John Roberts Is The Judicial Supremacist The Founders Warned Us About
Shawn Fleetwood
It’s a sad day in America when the chief justice of the U.S. Supreme Court ignores the basic framework of the Constitution he’s supposed to interpret.
That’s what happened on Wednesday, when Chief Justice John Roberts took it upon himself to subtly thumb his nose at President Trump and conservatives during a rare sit-down interview in his hometown of Buffalo, New York. In addition to rebuking calls to impeach activist lower court judges for overstepping the confines of the Constitution, the chief justice had this to say about the subject of “judicial independence”:
In our Constitution … the judiciary is a co-equal branch of government, separate from the others, with the authority to interpret the Constitution as law and strike down, obviously, acts of Congress or acts of the president. That innovation doesn’t work if … the judiciary’s not independent. Its job is to, obviously, decide cases, but in the course of that, check the excesses of Congress or of the executive. And that does require a degree of independence.

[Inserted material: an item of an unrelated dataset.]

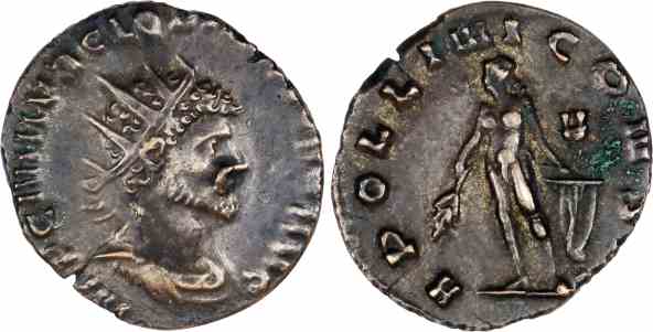 Rev: APOLLINI CONS, Apollo, standing left, holding laurel-branch and lyre set on rock.

To quote Vice President J.D. Vance, does John Roberts hear himself?
The chief justice begins by claiming that the judiciary is a “co-equal” branch of government. Then, in the very next breath, he asserts that the courts can “strike down … acts of Congress or acts of the president.”
If the courts can unilaterally “strike down” actions by the legislative and executive it believes to be unlawful or finds unfavorable, as Roberts maintains, then that isn’t “co-equal.” It’s judicial supremacism.
What Roberts is conveying is his apparent belief that the Supreme Court and judicial branch writ large are wholly supreme to the other branches of government. That is, regardless of the will of the people as expressed through their elected representatives, it is judges who have the final say on matters of law and public policy.